Tomorrow afternoon after the cocaine video, the nurse takes everyone who’s not in detox on a Sunday outing to the park.

DAY FOUR

It was nice being outside. You feel less like you’re being punished and more like a normal citizen. It’s hard not to feel like an outcast in a drug clinic, but then it’s hard not to feel like an outcast, period. I seem to be the only one here who had their stomach pumped. It’s an interesting distinction.

Carl and I shared a blanket in the park. He’s a fifty-five-year-old black grounds keeper and a would-be ex-free-base addict. He looks like a burnt mosquito. I asked him how he could afford to be here and he said he’s on his wife’s health insurance.

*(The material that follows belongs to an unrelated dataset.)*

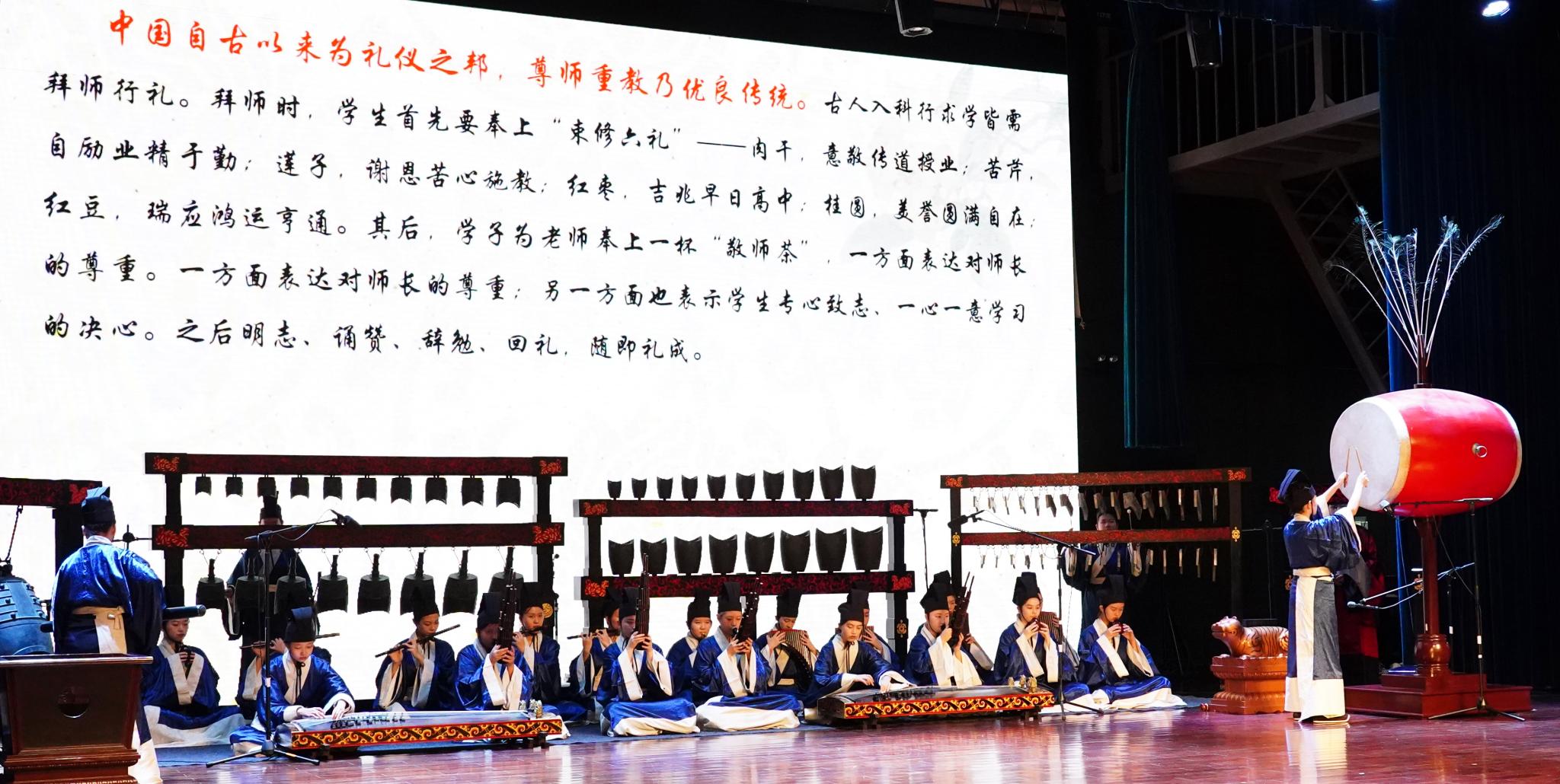 本次敬师礼活动当日恰逢孔子诞辰,敬师礼特别加入了“献舞”以及“颂赞”两个环节向先师孔子致敬。
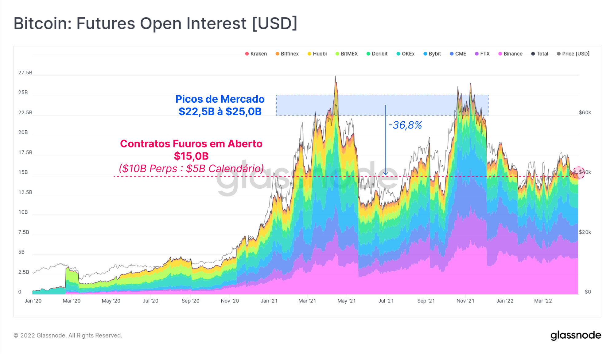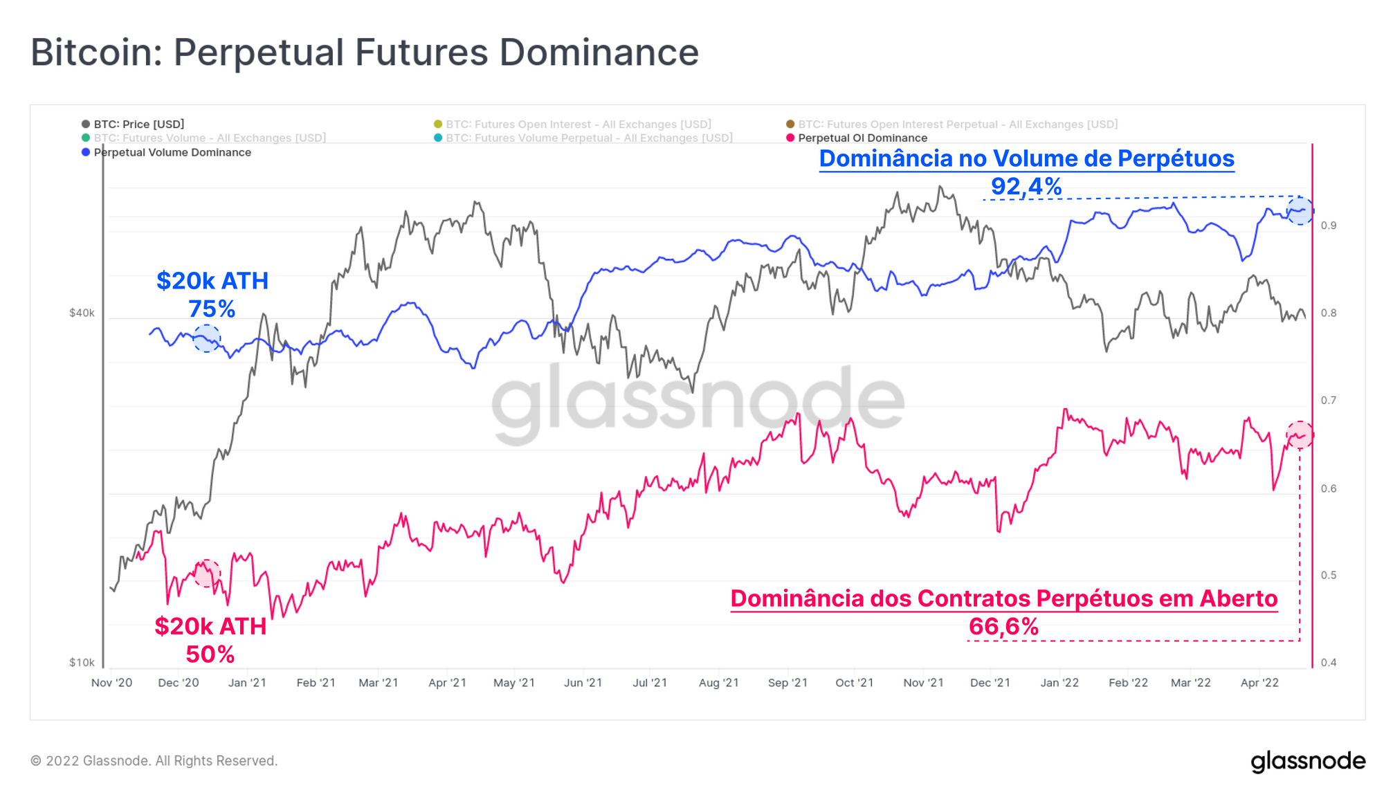 - Rosa representa o mesmo conceito de dominância, mas aplicado a contratos futuros em aberto (OI = Open Interest), que subiu de 50% para mais de 66% de dominância desde dezembro de 2020.

Carl talked so much in the park that I thought I was going to kill myself. His main topic, of all things, was drugs. He talked about cooking up the rock and the feel of the free-base pipe, and how he’d make enough money from Tuesday to Friday to free-base all weekend. I asked him what he took to come down, and he said he didn’t like downers. He said, “Shoot, those drugs don’t do nothin’ but constipate me.”

The fat guy Sid seems really smart. He’s in for lodes. I asked him what lodes were and his eyes started to shine. When addicts talk about their drug of choice, it’s almost transcendental. He said, “You’ve been a downer freak and you don’t know what lodes are?” It turns out lodes are four strong painkillers combined with one weird sleeping pill, which produces an effect like heroin along with a stomach addiction, which Sid had. I can’t believe I missed that drug.